Awesome pick up BDKing.

Joe


----------



## Death in #'s (Apr 29, 2003)

nice fish


----------



## Poseidon X (Jan 31, 2003)

It looks like he is taking to the tank pretty good. The other brandtii has begun acting strangely now and just tried going after me through the glass. They were staring at eachother through the divider earlier


----------



## SERRAPYGO (Feb 4, 2003)

Great fish!


----------



## Poseidon X (Jan 31, 2003)

Hey i havent seen pictures of the other one picked up yet


----------



## SERRAPYGO (Feb 4, 2003)

BDKing57 said:


> Hey i havent seen pictures of the other one picked up yet


 You mean mine from Bob? You were gone at the time but here it is.


----------



## JesseD (Mar 26, 2003)

cool fish BDK


----------



## GARGOYLE (Feb 12, 2003)

screw the dinner, stay and enjoy your fish. lmao. It's so purdy


----------



## NIKE (Jan 27, 2003)

wow that fish is awesome!! congrats


----------



## Croz (Jan 29, 2003)

nice fish good pickup.


----------



## Poseidon X (Jan 31, 2003)

thanks for the birthday wishes everyone


----------



## Croz (Jan 29, 2003)

how old ?


----------



## Poseidon X (Jan 31, 2003)

Bob and Brian said he was about 3 years old most likely. He is either just a freak of nature or he may be much older. I dont see my other brandtii ever catching up in size and he is a good 7 inches.

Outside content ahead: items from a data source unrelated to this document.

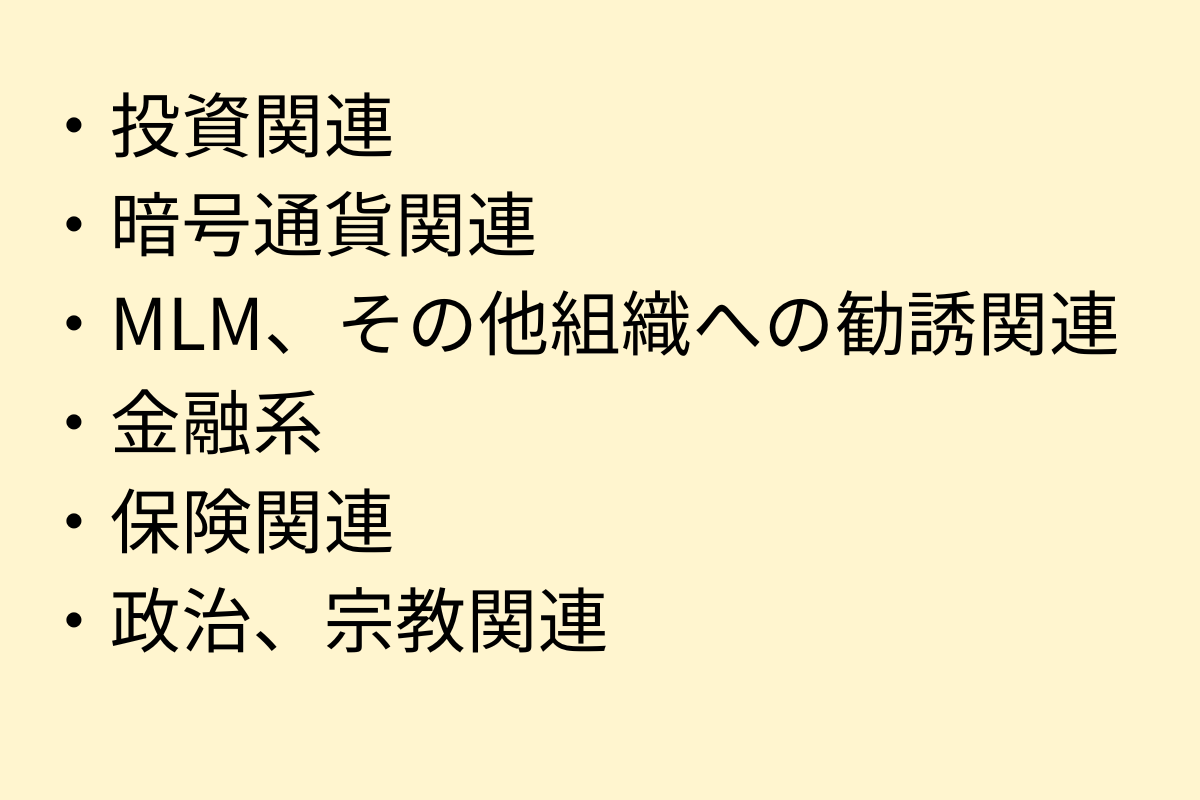 また、下記の業種に該当される方は入会NGとさせていただきます。ご支援いただく前に今一度ご確認をお願いいたします。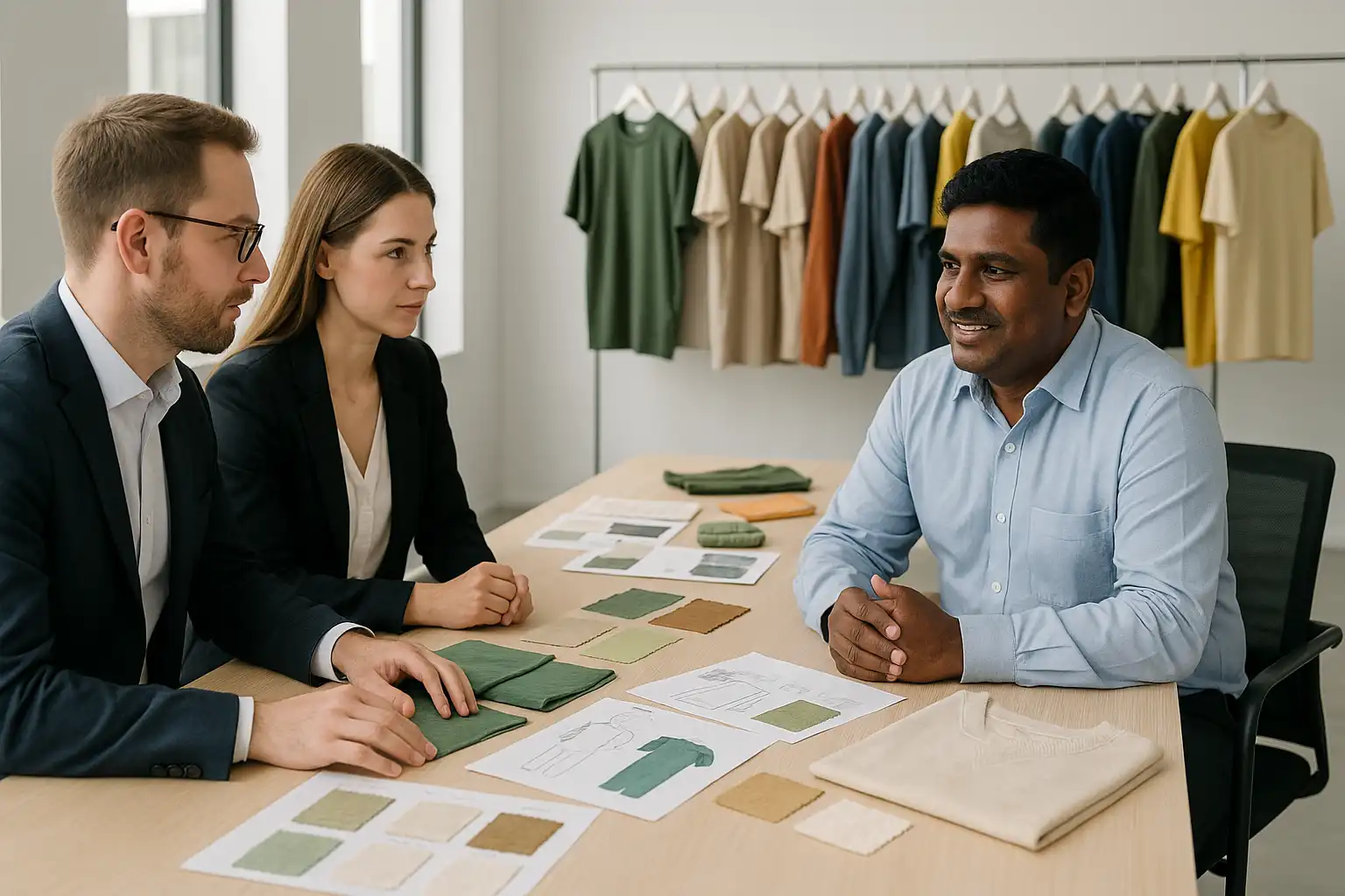 Unser Team in Tiruppur begleitet Sie von der Stoffauswahl und Tech-Pack-Erstellung bis hin zu zertifizierter Herstellung und globalem Versand.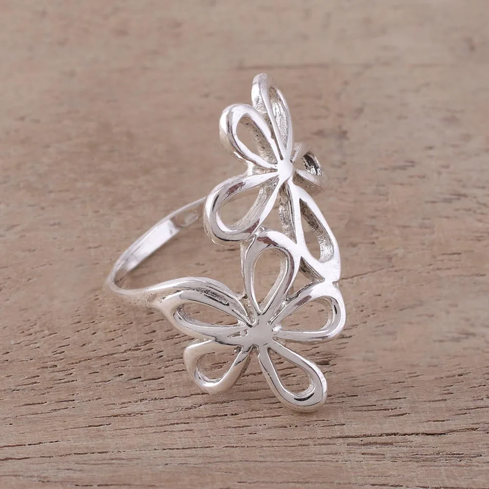 Sterling Silver Floral Cocktail Ring from India, 'Twin Floral Beauty'

These pictures were both taken in natural sunlight. The flash sometimes distorts the color the fish is actually giving off, but this is how he is looking right now. He is starting to recover some of his color.


----------



## Croz (Jan 29, 2003)

damn that was a nice pict at the end there man, i think i smell POM.


----------



## Poseidon X (Jan 31, 2003)

you can see where he was bit at an early age in this picture.


----------



## Croz (Jan 29, 2003)

close to his tail ? its a little dark.


----------



## Poseidon X (Jan 31, 2003)

yeah that area really doesnt look to dark in person.. in fact its barely noticable there are just no scales in that spot so it stands out.


----------



## Poseidon X (Jan 31, 2003)

The ones i took of Bobs Geryi tank are much nicer. That tank has perfect lighting and has this nice smooth look to it. My tank was looked great untill i went and divided it... now its still in chaos.


----------



## thePACK (Jan 3, 2003)

very nice....happy b-day


----------



## Memphis (Apr 26, 2003)




----------



## thePACK (Jan 3, 2003)

man what a beut


----------



## goldfishkiller (Mar 26, 2003)

Damn....wish I'd get a birthday presant like that


----------